Wagner: Ich glaube, dass es eine klare Mehrheit für diesen Koalitionsvertrag gibt, weil er die Weichen endlich in die richtige Richtung stellt. Bislang stand Deutschland auf dem Abstellgleis mit der Politik der früheren Bundesregierung und jetzt geht es in die richtige Richtung. Und das ist das Entscheidende. Und wir Grüne wären nicht wir Grünen, wenn wir uns nicht auch noch immer mehr Tempo wünschen würden. Aber wichtig ist: Wir kommen jetzt endlich ins Handeln, der Stillstand wird überwunden, dir tun jetzt endlich was für die Bewältigung der Klimakrise, für sozialen Zusammenhalt. Und das Anfangen, das ist das Wichtige, weil das wird die Dynamik auslösen.
Appelmann: Da werden wir natürlich die Wochen und Monate noch drauf schauen. Ampelregierung im Bund ist auch ein Thema gewesen für Nancy Fraser, die diese Woche bei uns war, die SPD-Fraktionschefin im Hessischen Landtag. Sie hat gesagt, das könnte dazu führen, dass auch die starren Machtverhältnisse in Hessen sich auflösen, dass wieder alle Parteien miteinander reden. Glauben Sie auch daran oder müssen Sie Nancy Faeser enttäuschen?

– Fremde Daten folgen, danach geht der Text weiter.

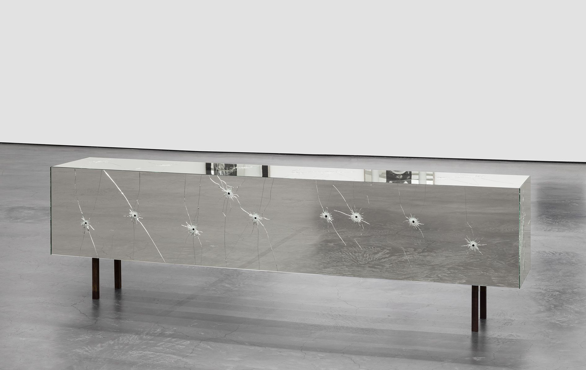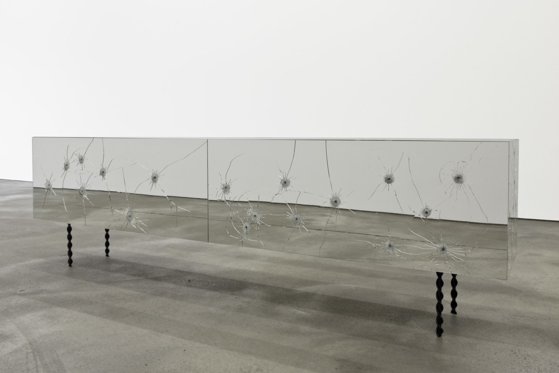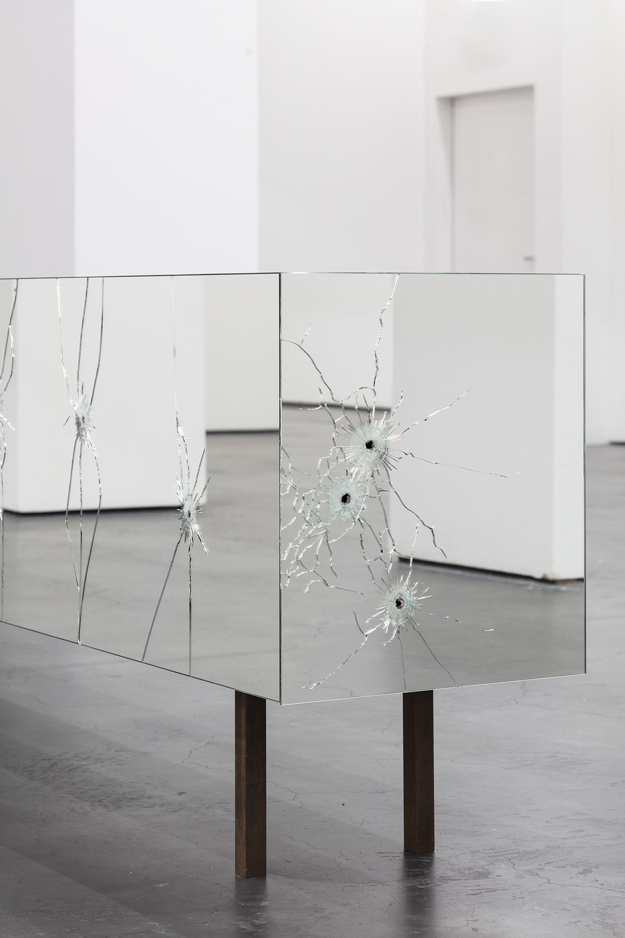 The sculptures BROKEN HEART I and BROKEN HEART II (1990/5) contain mirrors that have either been shot at or have been smashed with a hammer. The cracks mean that the reflections of the surroundings can only be viewed as fragmentary or deformed.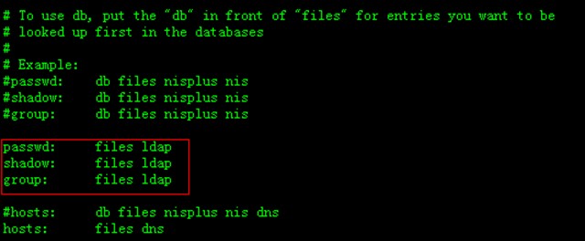 (3)修改客户端计算机中的/etc/nsswitch.conf文件,在passwd、shadow、group后面都加上ldap,如下图所示。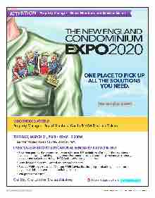 OVER 175 EXHIBITORS! EDUCATIONAL SEMINARS! NETWORKING! • Save time and build relationships – Meet with over 175 exhibitors offering endless solutions in every area including building management, insurance, security, landscaping, maintenance, energy, telecommunications, plumbing, HVAC, fuel, interior design, and more. • Learn from the experts – Attend educational seminars. • Receive FREE expert advice – Visit our FREE Advice Booths and get valuable guidance from our legal, financial, management and building experts. • Win great door prizes. WHO SHOULD ATTEND Property Managers, Board Members, Condo & HOA Decision Makers Free Registration: ne-expo.com TUESDAY, MARCH 31, 2020 • 10AM - 3:30PM S EAPORT W ORLD T RADE C ENTER , B OSTON , MA One Day. One Location. Endless Solutions. ONE PLACE TO PICK UP ALL THE SOLUTIONS YOU NEED. ne-expo.com ATTENTION Property Managers, Board Members, and Decision Makers NEWENGLANDCONDO.COM NEW ENGLAND CONDOMINIUM -FEBRUARY 2020 3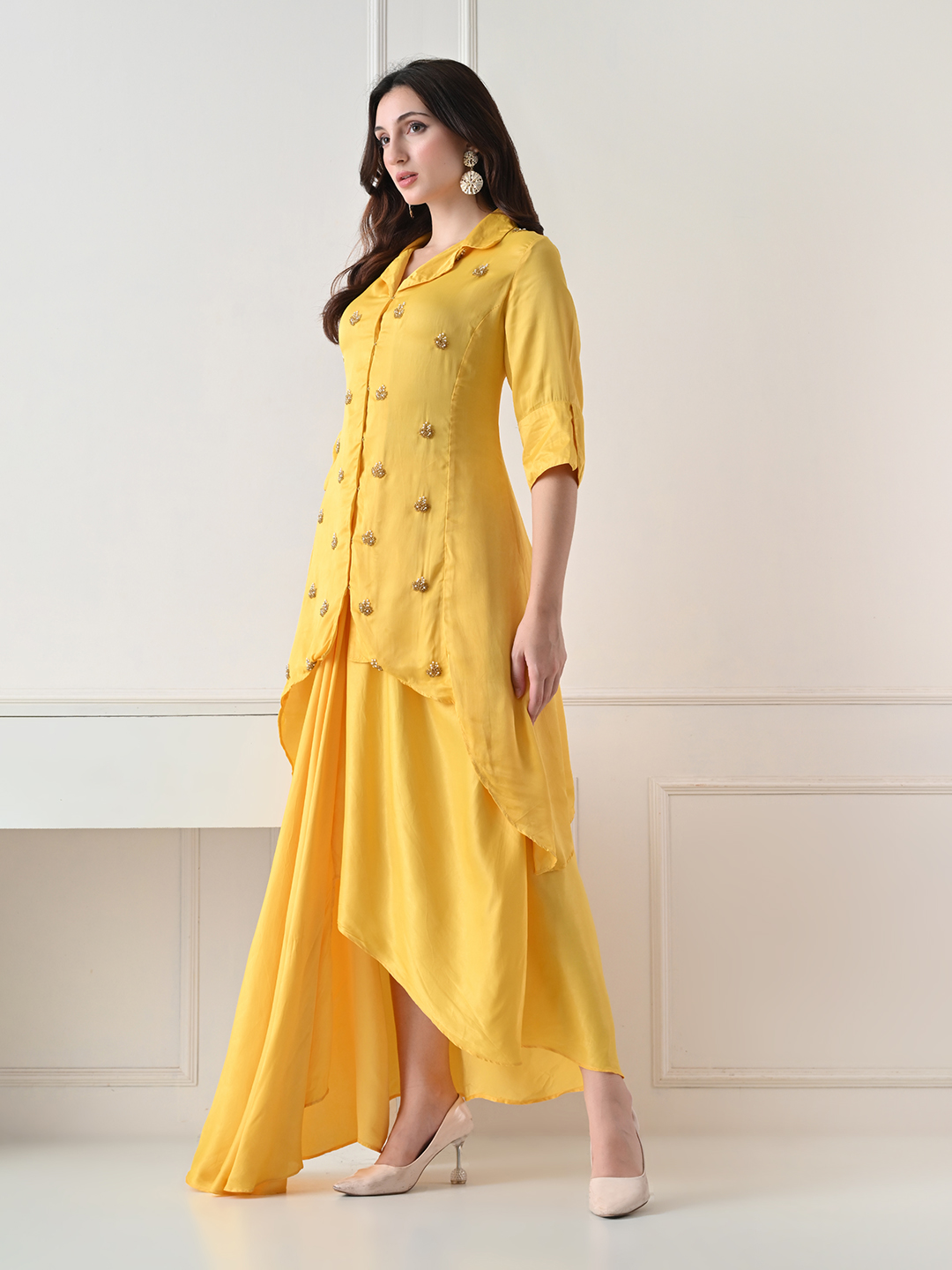 Bright, graceful, and effortlessly chic—this sunshine yellow draped kurta set is designed to make a statement with ease. Crafted in a fluid, lightweight fabric with a soft sheen, the ensemble features a layered kurta with a contemporary asymmetrical hemline, paired with a beautifully draped skirt for a flattering, flowy silhouette.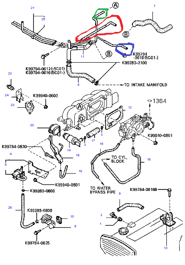 А откуда она у тебя выходит? У меня, например, такой вообще нет. отметил эту трубку красным. которую я не могу наити куда воткнуть. на схеме так же отметил еще две трубки. зеленую и синюю. им я нашел место. на втором фото я так же пометил цветом куда они у меня воткнуты. и на третьем фото сама трубка которая бесхозная. Эскизы прикрепленных изображений ![]() ![]() ![]() -------------------- все приключения на. ж.... у начинаются со слов я знаю короткую дорогу.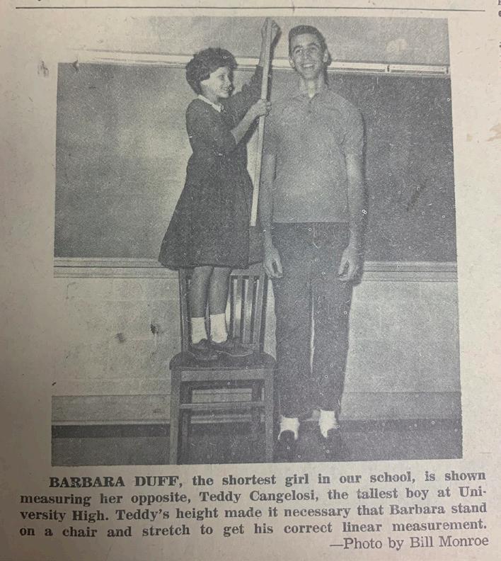 ULS parent and current ULS Foundation Board member Sean Cangelosi and his family were recently moving when they came across some U-High memorabilia handed down by Sean’s grandfather, Theo Cangelosi. “My grandfather kept all these scrapbooks that have been handed down to me since I am the last Cangelosi in Baton Rouge. I guess I have become the family historian so to speak,” jokes Sean. Included in the memorabilia is a section of the U-High newspaper, The Campus Cub, from April 1962, which features Sean’s uncle Teddy, the tallest student at U-High at the time, being measured by the shortest student. Sean and his wife Kasey have 4 children at the Lab School, Carsyn in 10th grade, Piper in 8th grade, Ruston in 5th grade and Miller in 1st grade. As a fun tribute to their Cangelosi Cub legacy, Carsyn, is pictured here being measured by her brother Miller.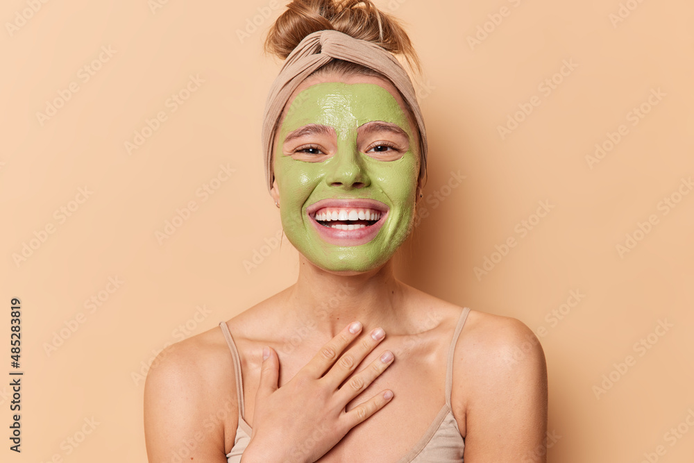 Happy European woman smiles broadly keeps hand on chest applies nourishing green mask undergoes beauty treatmentss wears headband has combed hair isolated over brown background. Skin care concept

Wagner: Also, es reden ja ohnehin alle Parteien miteinander in Hessen – mit Ausnahme der AfD, da reden wir Grüne nicht mit – sofern ist das nichts Neues und für uns Grüne galt schon immer ein Kurs der Eigenständigkeit, das heißt, wir wollen möglichst viele grüne Politik umsetzen. Das gelingt uns in Hessen sehr, sehr gut und sehr erfolgreich mit der CDU, auf Bundesebene haben wir jetzt ein anderes Bündnis und alles andere entscheiden die Hessinnen und Hessen bei der nächsten Landtagswahl.
Appelmann: Da lassen Sie uns ganz kurz dabeibleiben. Die aktuellen Landtagswahl-Umfragen sehen nämlich keine Mehrheit für Schwarz-Grün. Das ist eine Umfrage von vor vier Wochen ungefähr. Könnte denn die Ampel in Berlin auch eine Blaupause für Hessen sein?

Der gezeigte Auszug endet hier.